Methodology
Transparency is a core value. This page explains how data is collected, processed, and presented. Data Race does not modify, estimate, or editorialize the data — the goal is to present official figures as faithfully as possible.
Data Collection
All data is collected programmatically from official public APIs and data providers. Each dataset is fetched using Python scripts that connect directly to provider endpoints, ensuring reproducibility and traceability. No manual data entry is involved.
- Fetch raw data from official APIs and data providers (World Bank Open Data, FAOSTAT, Yahoo Finance, etc.)
- Validate response integrity — check for expected fields, data types, and completeness
- Store validated data in structured tabular format for the processing pipeline
- Log the source URL, fetch timestamp, and record count for each dataset
Data Processing
Raw data undergoes a deterministic processing pipeline. Each step is automated and produces the same output given the same input. Interpolation and estimation are intentionally avoided — if a data point is missing from the source, it remains missing in the dataset.
- Entity identification — ISO 3166-1 alpha-3 for countries (e.g., USA, JPN, DEU), ticker symbols for companies (e.g., AAPL, MSFT)
- Missing value exclusion — gaps are preserved, never filled with estimates
- Regional classification using a fixed mapping of countries to 13 geographic regions
- Rank calculation for each time period — both global and within-region rankings
- Output to Apache Parquet format for efficient browser-based querying
Ranking Calculation
Rankings are recalculated independently for each time period. Only countries with reported data for that specific period are included in the ranking. This means a country's rank may change not only because its value changed, but also because other countries started or stopped reporting.
- Global Rank: Position among all countries with data for that specific period
- Regional Rank: Position within the country's assigned geographic region
- Rank Change: Difference from the previous period's rank position (positive = moved up)
- Year-over-Year Change: Percentage change in the underlying value from the previous period
- Ranking Type: Each dataset is classified as 'best' (higher is better, e.g., GDP), 'worst' (higher is worse, e.g., CO2 emissions), or 'neutral' (no inherent direction, e.g., population)
Visualization
Visualizations run entirely in the browser using DuckDB-Wasm for SQL queries on Parquet files. No data is sent to a server. This architecture ensures fast load times, offline capability, and complete data privacy.

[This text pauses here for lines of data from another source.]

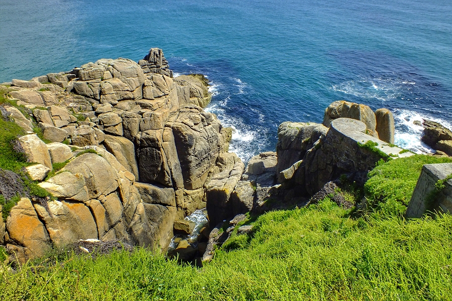 Unterhalb des Minack Theaters fallen die Klippen steil zum Meer ab ...
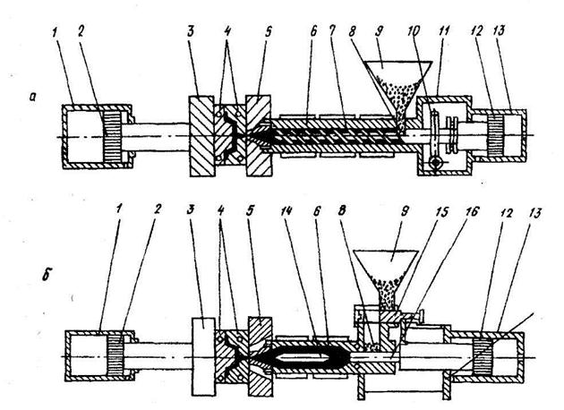 Схема литьевой машины со шнековой и плунжерной пластикацией расплава:
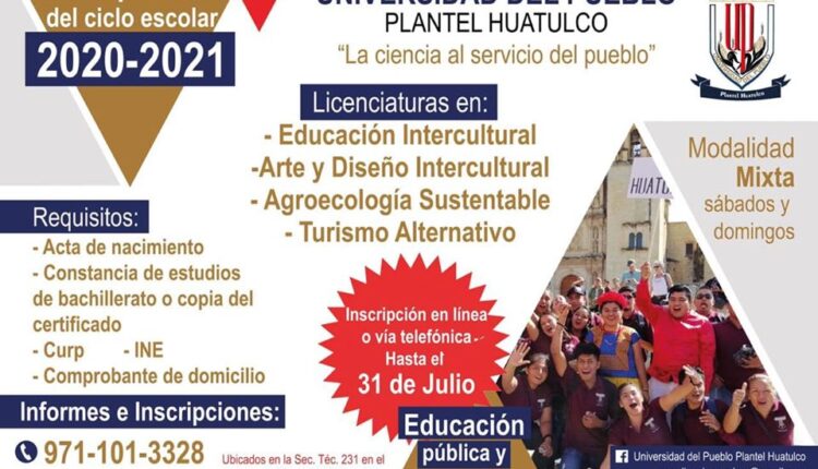 La Universidad del Pueblo plantel Huatulco abre sus inscripciones para el ciclo escolar 2020-2021.
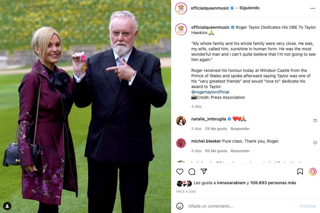 Otro que se sumó a homenajear a Hawkins es el histórico baterista de Queen Roger Taylor, quien le dedicó la Orden del Imperio Británico que le fue concedida el pasado 30 de marzo.

- Bar Chart Race: Animated country rankings showing how positions change over time
- Line Chart: Historical time series with interactive hover tooltips for detailed values
- Pie Chart: Proportional share analysis showing how the global total is distributed
- World Map: Geographic heatmap with color-coded scales for spatial patterns
- Data Table: Sortable rankings with values, rank changes, and year-over-year comparisons
- All charts support regional filtering, country pinning, and period range selection
Data Quality
We prioritize accuracy and transparency over completeness. Rather than filling gaps with estimates, we show only what official sources report. Every visualization links back to its original data source so users can verify the underlying numbers.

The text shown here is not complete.